Companies using the government’s Covid-19 bailout scheme aimed at the biggest businesses are to be banned from paying cash bonuses to executives and dividends as part of a revamp of the programme.
Ministers on Tuesday confirmed plans to provide a state-backed loan of up to £200m to midsized companies — up from a previous limit of £50m — under changes to the coronavirus large business interruption loan scheme.
The low level of take-up under the scheme spurred the government to reconsider the loan limit given the widespread signs of problems among companies struggling to survive the Covid-19 pandemic.
As part of the changes, the Treasury said that companies borrowing more than £50m through the scheme would be blocked from paying dividends to investors or cash bonuses and pay rises to senior management unless previously agreed. This would also apply to a separate commercial paper programme run by the Bank of England for companies who want to borrow for more than a year.
“This will ensure that the money is used to keep the company going through the crisis,” said the Treasury.
Officials are worried that state bailout programmes could be used by companies to reward investors or support high pay to management.
Banks were told by the BoE’s Prudential Regulation Authority in March not to use any money freed up by its emergency funding measures to financial institutions to increase dividends or bonuses. The BoE wants banks to use the money to help businesses that need cash to survive the crisis.
Companies have moved fast to cut dividends in order to protect their balance sheets during the pandemic, with more than £24bn wiped off the value of investor payouts according to stock broker AJ Bell. Imperial Tobacco on Tuesday cut its dividend by a third, while Compass, the catering group, announced plans to raise more £2bn in new equity having already cut its dividend and management pay.
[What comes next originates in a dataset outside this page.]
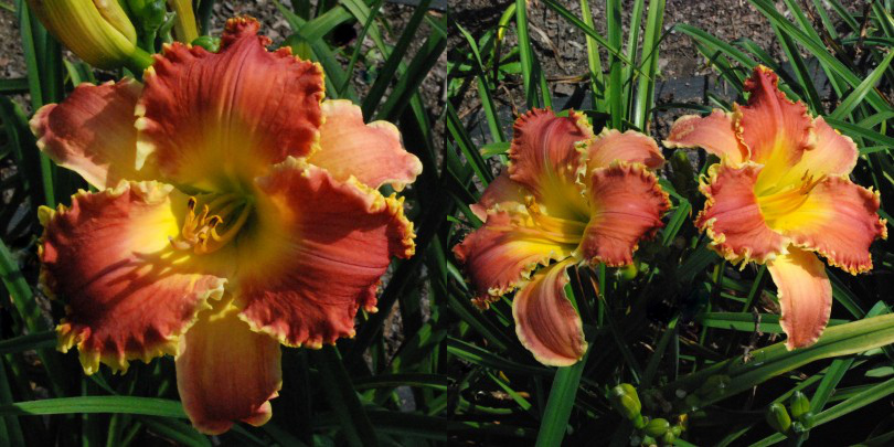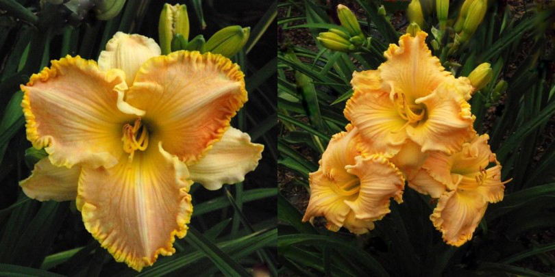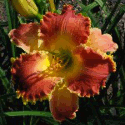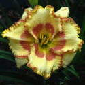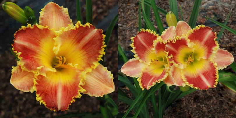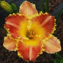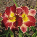 Colour: scarlet red with bright ruffled gold edge above green to yellow throat

The changes to the coronavirus large business interruption loan scheme were made following concerns that thousands of midsized companies were missing out on state support.
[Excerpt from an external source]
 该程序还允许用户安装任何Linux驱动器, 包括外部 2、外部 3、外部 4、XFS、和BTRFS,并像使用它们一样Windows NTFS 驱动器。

Many of these companies are too big to access the government’s loan schemes aimed at small businesses, but too small for the BoE’s Covid corporate financing facility focused on commercial paper.
From next week, companies using the coronavirus large business interruption loan scheme will be able to borrow up to 25 per cent of their annual turnover, up to a maximum of £200m, from an approved list of banks. The loans will carry a government guarantee of up to 80 per cent.
Tata Steel, Britain’s biggest steelmaker, is among the companies to have complained that the previous £50m loan limit was far too low, although the scheme revamp is also expected to help many in the travel and hospitality industries that have been particularly hard hit by the virus lockdown.
John Glen, economic secretary to the Treasury, said: “We’re determined to support businesses of all sizes throughout this crisis and our loans and guarantees have already provided over £32bn to thousands of firms.”
The Treasury said on Tuesday that 464,393 so-called bounce back loans — aimed at the UK’s smallest businesses — had been agreed with banks, worth £14.2bn on a combined basis, since the scheme’s launch this month.
A total of 40,564 loans worth more than £7.2bn have been provided by banks through the coronavirus business interruption loan scheme, which is focused on companies with an annual turnover of up to £45m.
The BoE has purchased commercial paper worth £18.8bn from 55 companies under its Covid corporate financing facility.
Meanwhile, 86 companies have secured loans worth £590m from banks through the coronavirus large business interruption loan scheme so far.
Bankers have reported low rates of approval for companies applying to the scheme, partly because of stringent qualification criteria.
“Some mid-cap businesses urgently need access to larger loans to tide them over at this critical juncture for the economy,” said Rain Newton-Smith, CBI chief economist.
“Many of them are important regional employers, so the Treasury’s extension of maximum loans to £200m shows just how much they are listening to the concerns of business right now.”